*** Data section Section Begins ***

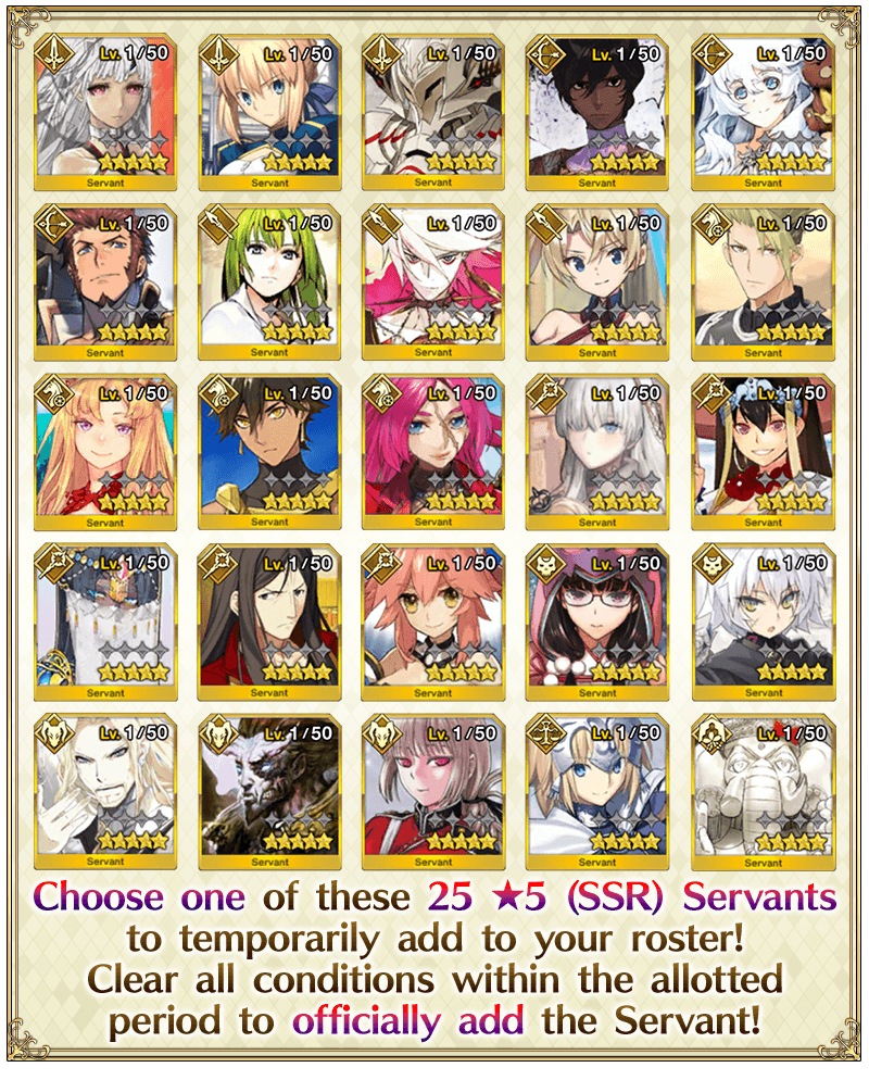 During the campaign period, you can permanently add one of the 25 eligible ★5 (SSR) Servants to your roster. You must follow the upcoming steps to "Temporarily Add" and then "Permanently Add" the Servant to your roster.
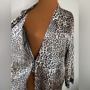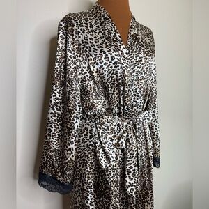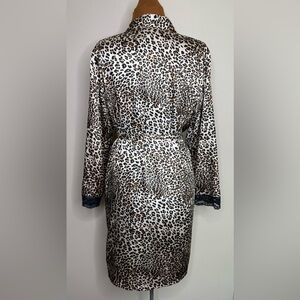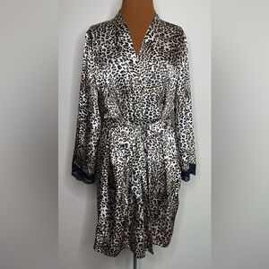 Apt 9 Leopard Print Satin Robe Black Lace Trim Size Large
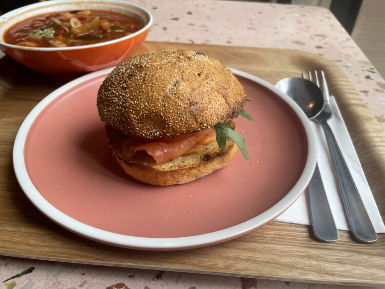 他にもこのようなメニューもございます!私はちょうどその日はスモークサーモンが食べたかったので、2回目はこちらにしました。スープはミネストローネです!お店の場所はNovena mrt近くにあるVelocityです。バスケットボールコートの近くで、店内もオシャレでした。
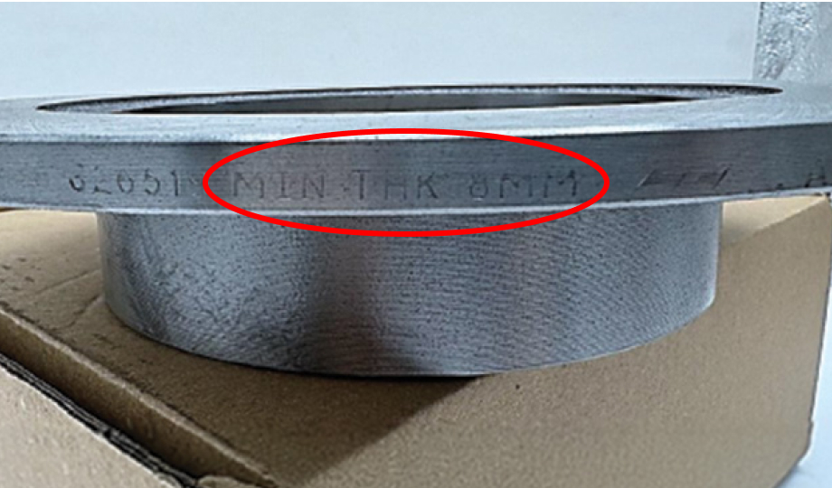 Cada disco cuenta con un espesor mínimo de seguridad, indicado por el fabricante y medido con calibrador (éste se encuentra en la ceja del rotor). Si el grosor está por debajo de este límite, es necesario reemplazarlos

*** Data section Section Ends ***

A faithful copy of all the data above, without its pictures, is the expected result.

 During the campaign period, you can permanently add one of the 25 eligible ★5 (SSR) Servants to your roster. You must follow the upcoming steps to "Temporarily Add" and then "Permanently Add" the Servant to your roster.
 Apt 9 Leopard Print Satin Robe Black Lace Trim Size Large
 他にもこのようなメニューもございます!私はちょうどその日はスモークサーモンが食べたかったので、2回目はこちらにしました。スープはミネストローネです!お店の場所はNovena mrt近くにあるVelocityです。バスケットボールコートの近くで、店内もオシャレでした。
 Cada disco cuenta con un espesor mínimo de seguridad, indicado por el fabricante y medido con calibrador (éste se encuentra en la ceja del rotor). Si el grosor está por debajo de este límite, es necesario reemplazarlos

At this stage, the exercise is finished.